Experiment 3: TMS setup and localization

A customized double-cone coil was attached to a Magstim Rapid (Magstim). We selected this device because it has been used in previous studies that stimulated the dACC[27,35]. For the location of the dACC, we chose the MNI coordinates (0, 36, 36), where we identified the maximum differential activity in the correlation with the inter-press time (Fig. 2d) between part learners and single learners. The coordinates were individually adjusted using the inverse normalization method embedded in SPM12 (normalization based on the inverse deformation field). We also individually localized the toe area in the primary motor cortex as the MNI coordinates (−8, −22, 64) following previous studies[36,37]. Brainsight (Rogue Research Inc.) was used to register the stimulus sites onto the individual T1 image. The Brainsight navigation procedure allowed for precise placement of the coil on the distal dACC and the reference toe area.

Experiment 3: TMS intensity calibration

To calibrate the TMS intensity for an individual, we first applied the TMS on the toe area in the primary motor cortex and gradually increased the stimulus intensity until we visibly observed a toe movement (which we call the motor threshold). The motor threshold value was used to calibrate the TMS on the dACC. We utilized a TMS intensity corresponding to 110% of the motor threshold on the ACC following previous studies[27,35]. A total of 320 single pulses were given to the dACC repetitively at a frequency of 1 Hz. Off-line low-frequency stimulation is known to have an inhibitory after-effect on the stimulated brain areas[38]. Because the task duration was less than 2.5 min, a 5-min stimulation was sufficient to produce suppressive effects through our experiments on the dACC[28].

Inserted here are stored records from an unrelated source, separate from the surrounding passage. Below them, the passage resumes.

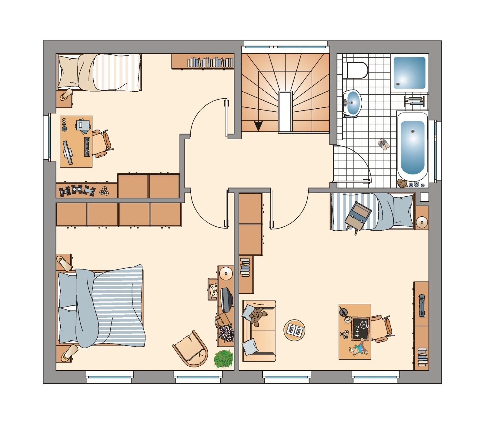 Über die elegante U-förmige Treppe in der Diele gelangen Sie in das Obergeschoß der Stadtvilla. Hier erwartet die Bewohner ihr persönlicher Rückzugsort um sich vom Alltag zu erholen. Das Schlafzimmer und ein Kinderzimmer dürfen sich dabei über den Blick in den eigenen Garten freuen. Ein weiteres Zimmer kann nach den individuellen Wünschen der Bewohner genutzt werden: entweder wird das dritte Zimmer ebenfalls als Kinderzimmer genutzt oder aber Sie haben die Möglichkeit diesen Raum als Home-Office zu nutzen. Auch als Gästezimmer lässt sich dieser Raum sicher hin und wieder nutzen. Das Familienbadezimmer mit Dusche und Badewanne runden dieses durchdachte Wohnkonzept ab.
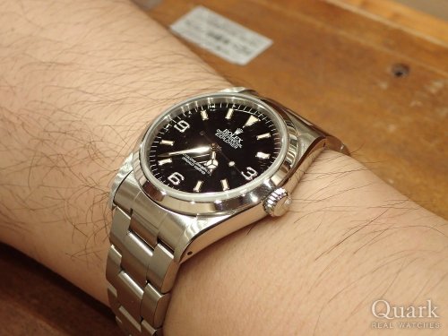 以前よりエクスプローラ1のシングルトリチウムのモデルを探しておりましたが、この時計はインデックス部分がほんのりとオレンジ色に焼け、とても良い状態でした。今後も大切に扱い、経年変化を楽しんでいきたいと思います。清水店長ありがとうございました!
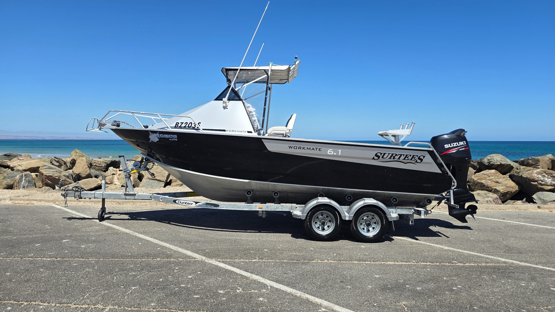 If you're searching for a proven offshore fishing boat, this 2011 Surtees 6.1 Workmate is a fantastic opportunity to own one of New Zealand’s most respected alloy fishing hulls. Known for their tough construction, excellent ride and unmatched stability, Surtees boats are a favourite among serious anglers across Australia and New Zealand. This Surtees 6.1 Workmate fishing boat is powered by a Suzuki 140hp 4-stroke outboard (2011) with approximately 600 hours, delivering strong performance, smooth operation and excellent fuel economy. Sitting on a 2-year-old Dunbier braked trailer, this is a reliable, easy-to-launch package ready for your next offshore adventure. This boat has been well used for its intended purpose and presents in good used condition. While it may show some cosmetic wear consistent with a hardworking fishing boat, it is mechanically sound, freshly serviced and ready to hit the water. Ideal for buyers looking for a practical offshore fishing platform rather than a showroom boat. Key Features & Equipment Suzuki 140hp 4-Stroke Outboard (2011) – approx. 600 hours Floodable keel ballast system for outstanding stability at rest Trim tabs for improved ride and performance Garmin ECHOMAP 95sv GPS / Sounder Stressfree anchor winch Foldable hardtop Deck wash system Bait board

Experiment 3: experiment sessions

Following the TMS setup, the participants did two 40 trial sessions of the 6-button sequence, and two 40 trial sessions of the 4-button sequence, and two 20 trial sessions of the 10-button sequence. This was followed by a stimulation period in which 15 participants were subjected to 320 pulses of the 1-Hz TMS. The remaining 14 participants were subjected to a SHAM stimulation, where a 1-cm thick plastic board was put between the scalp and the TMS coil. Therefore, the participants sensed the vibration of the coil, but the stimulation did not affect their brain activity. Importantly, none of the 29 participants had prior experience with TMS.

Finally, after the stimulation, all participants went on to the 10-button anxiety test session. All instructions for the session in Experiment 3 were the same as in Experiment 2.

Experiment 3: behavioral data analysis

All data are plotted in Fig. 3 and Supplementary Fig. 3 with participants grouped as TMS and SHAM part learners.

Experiment 3: GSR, PPG, Questionnaire

GSR and PPG were collected and analyzed as in Experiment 2. All participants filled the Self-perceived Anxiety Questionnaire as in Experiment 2.

Statistical comparisons

While performing comparisons for all experiments, we checked for the normality of the datasets using the Shapiro–Wilk test. Parametric analysis (t-test or ANOVA) was used for comparisons when the data groups were normal, and non-parametric tests (Wilcoxon signed rank or rank sum, or Kruskal Wallis test) were used when one or more of the datasets were non-normal. All statistical tests were two-tailed in nature.